# ecu upgrade 2001 gti 1.8t



## drew23 (Dec 23, 2010)

canU GUYS tell ME wut company should i used for upgrade my ecu, giac our others im not going crazy im putting a audi tt turbo ITS A LITLE BE BIGGER THE THE ONE THAT I HAVE ALLREDY ITS THE STOCK ONE ,and a bigger intercooler 3" exhaust, im mighT be around 375 our 400 hp idk but let me know thANKSSS 





2001 GTI 1.8t ...


----------



## MKVjettawlfsburg (Jan 20, 2011)

*ECU*

Stick with APR or unitronic for your ecu upgrades. the single program from APR would be perfect if your using a stock audi turbo. Youll drop $500 doing it but it gives you about 50 more hp over stock. or you could get it with more programs already installed if you ever planned on doing a big turbo upgrade


----------



## MKVjettawlfsburg (Jan 20, 2011)

also man, with the mods that your talking about youd very very lucky to even hit the 300 hp mark, the turbo isnt going to give you alot, cause the TT is 225 stock (if you get the good trim model) but id just bank on 300, getting a set of bigger injectors would also help you alot if your putting a bigger turbo in.


----------



## xdisturbed1x (Feb 16, 2011)

if your gunna use the k04 use the tt injectors as well. its a good combo


----------



## Ewinkdub04 (Oct 5, 2010)

MKVjettawlfsburg said:


> Stick with APR or unitronic for your ecu upgrades. the single program from APR would be perfect if your using a stock audi turbo.

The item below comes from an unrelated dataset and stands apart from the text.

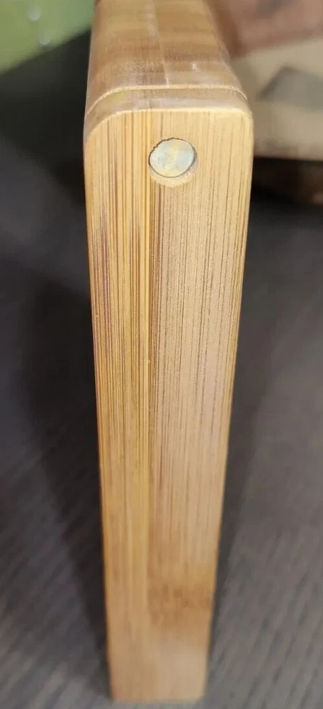 Bamboo Cheese Board with Cheese Knives (3) Cheese Fork (1) Magnetic Storage inside. 7.50" x 7.50" 1.875" high. Used with the original box. Usage wear and scuffing on Wood board and handles. See photos.

Youll drop $500 doing it but it gives you about 50 more hp over stock. or you could get it with more programs already installed if you ever planned on doing a big turbo upgrade


this this this


----------



## Dragon1.8T (Mar 25, 2011)

I def agree with this fellow. I put an apr stage 1 on my 03 1.8t today. Unitronic is decent too but GIAC and REVO dont tune your engine up the right way. Theyre very peaky with boost and they will make more power BUT they are way more likely to age youre engine quicker.


----------